Search code examples
c++arraysperformancemergearray-merge

Filter Lists for Repeats - List Deduplication


I have some lists of words spread across several files and I need a quick way to merge them all into one file. I'd like to remove duplicates when merging so the final list does not contain multiple instances of a single word.

Example:

The text file list_a.txt says the following:

apple
pear
peach

The text file list_b.txt says the following:

foo
bar
peach
car

When merged, the output file should say:

apple
pear
peach
foo
bar
car

Note that both list_a.txt and list_b.txt contained the word peach, but it only appeared once in the output file.

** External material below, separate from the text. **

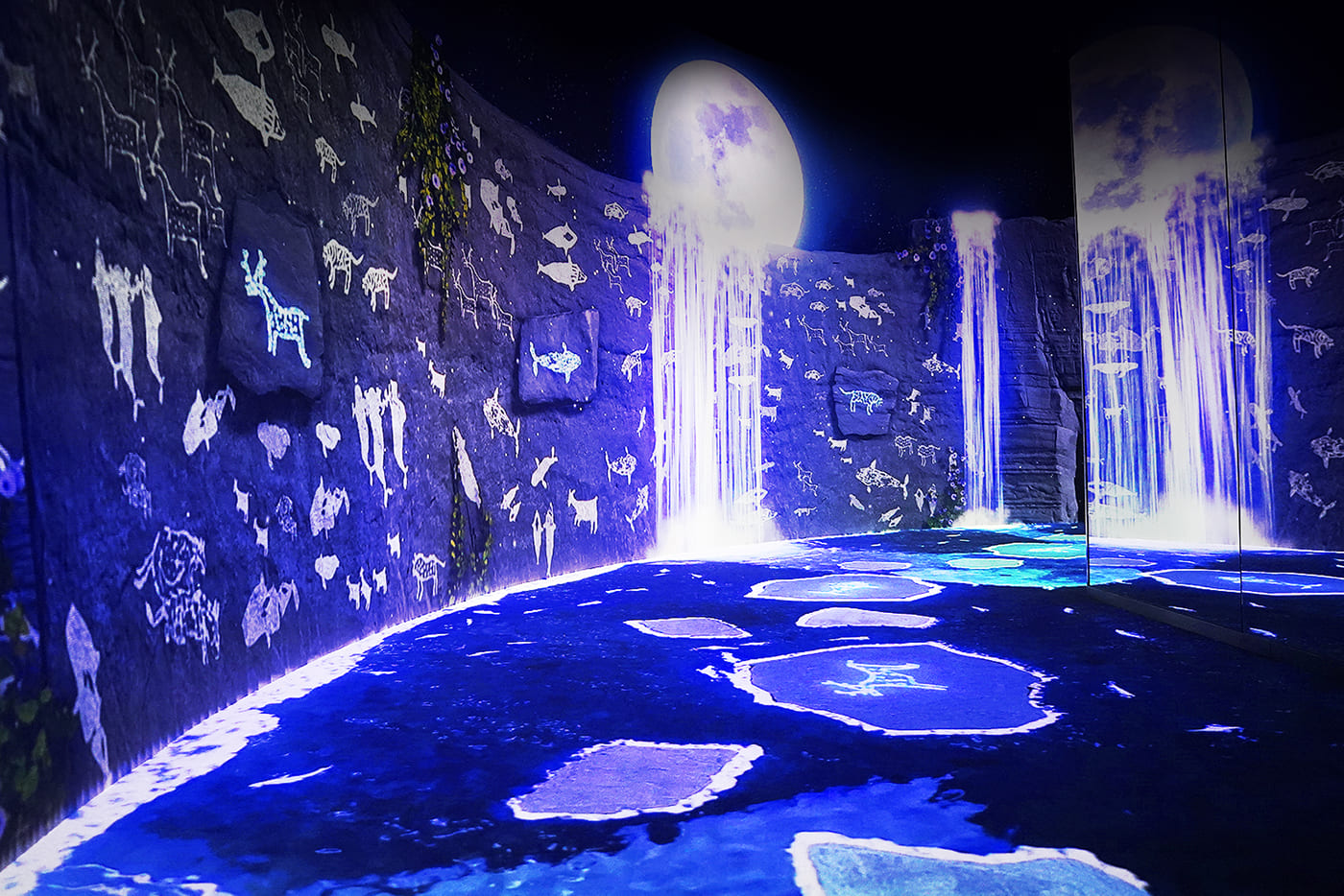 울산 반구대 암각화에서 영감을 받은 인터랙션 미디어 아트 공간은 관람객들의 걸음에 따라 펼쳐지는 특별한 경험을 선사합니다. 이 공간은 울산의 고대에서 현재로 이어지는 정신과 역사를 상징합니다. 벽면과 바닥에 구현된 인터랙션 미디어 아트는 관람객이 돌을 밟을 때마다 환상적인 파티클이 퍼지고, 수면 위에서 도망치는 물고기들이 표현됩니다. 또한, 관람객이 암각화 패턴이 새겨진 돌을 밝히면, 울산의 과거에 존재했던 혹등고래, 대륙사슴, 호랑이와의 만남을 경험할 수 있습니다.
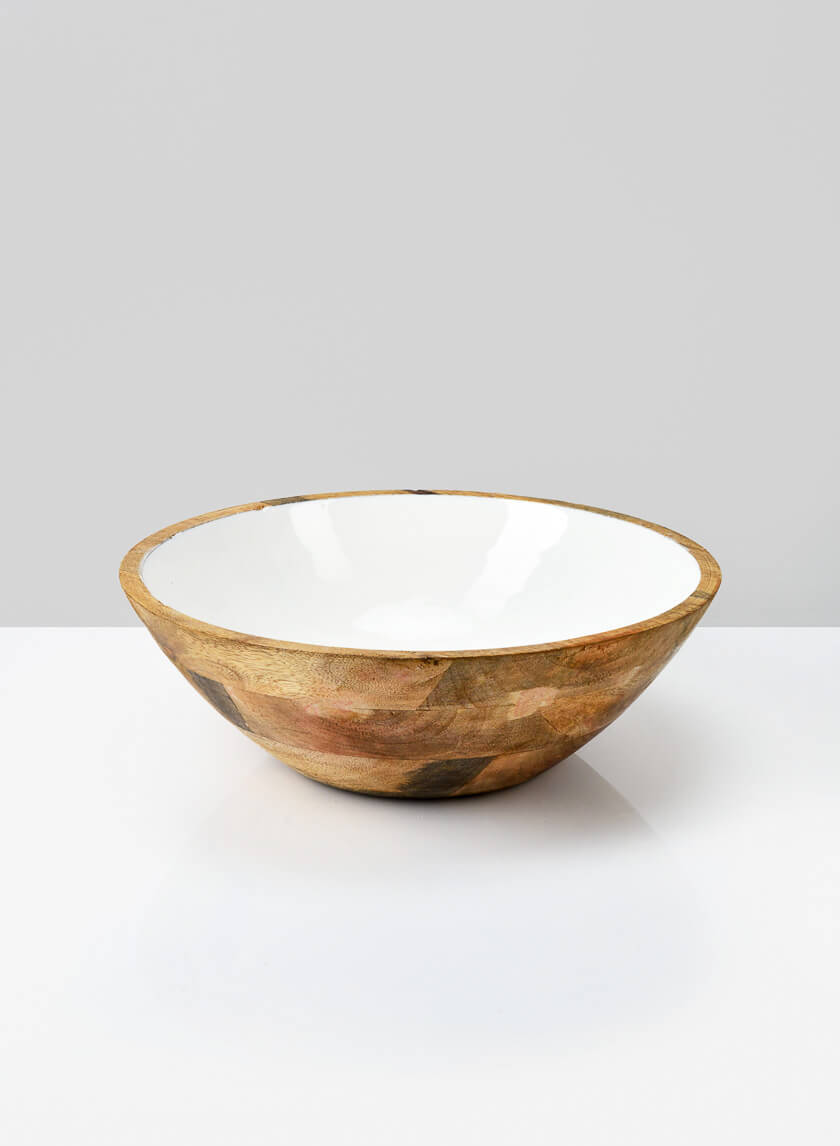 A white enameled inside makes it easy to use this mango wood bowl as is for your fresh flower arrangement. It also adds a clean contrast if you'd like to use the bowl for displaying dry goods, as a fruit bowl on a dining table, or for an ikebana-inspired floral arrangement with a pin frog to hold your flowers. For smaller tables or smaller florals, there is this set of matching 6-inch mango wood bowls.

Here's the code I was using:

int main()
{
    string myList = "";
    string myFiles[] = {"list_a.txt", "list_b.txt"};
    string line;
    int iterationsSinceSleep = 0;
    size_t length = sizeof(myFiles)/sizeof(myFiles[0]);
    for(unsigned int i = 0; i < length; i++){
        cout<<"Starting " << myFiles[i] << endl;
        ifstream myfile((string("C:/words/").append(myFiles[i])).c_str());
        if (myfile.is_open())
        {
            while ( getline (myfile,line) ){
                string trimmedLine = trim(line);
                if(myList.find(trimmedLine) == string::npos){
                    myList.append(trimmedLine + '\n');
                }

                iterationsSinceSleep++;
                iterationsSinceSleep %= 10000;
                // Save the CPU!
                if(iterationsSinceSleep == 0) Sleep(10);

            }
            myfile.close();
        }else{
            cout << "Could not open & process " << myFiles[i] << endl;
        }
        Sleep(75); // Save the CPU!
        iterationsSinceSleep = 0;
    }

    // write to the file
    ofstream myfile ("C:/words/merged/final.txt");
    if (myfile.is_open())
    {
        cout<<"Writing filtered list"<<endl;
        myfile << myList;
        myfile.flush();
        myfile.close();
    }else{
        cout<<"Could not save filtered list."<<endl;
    }



    return 0;
}

This works fine for smaller lists/files, but one of my lists has a few million lines.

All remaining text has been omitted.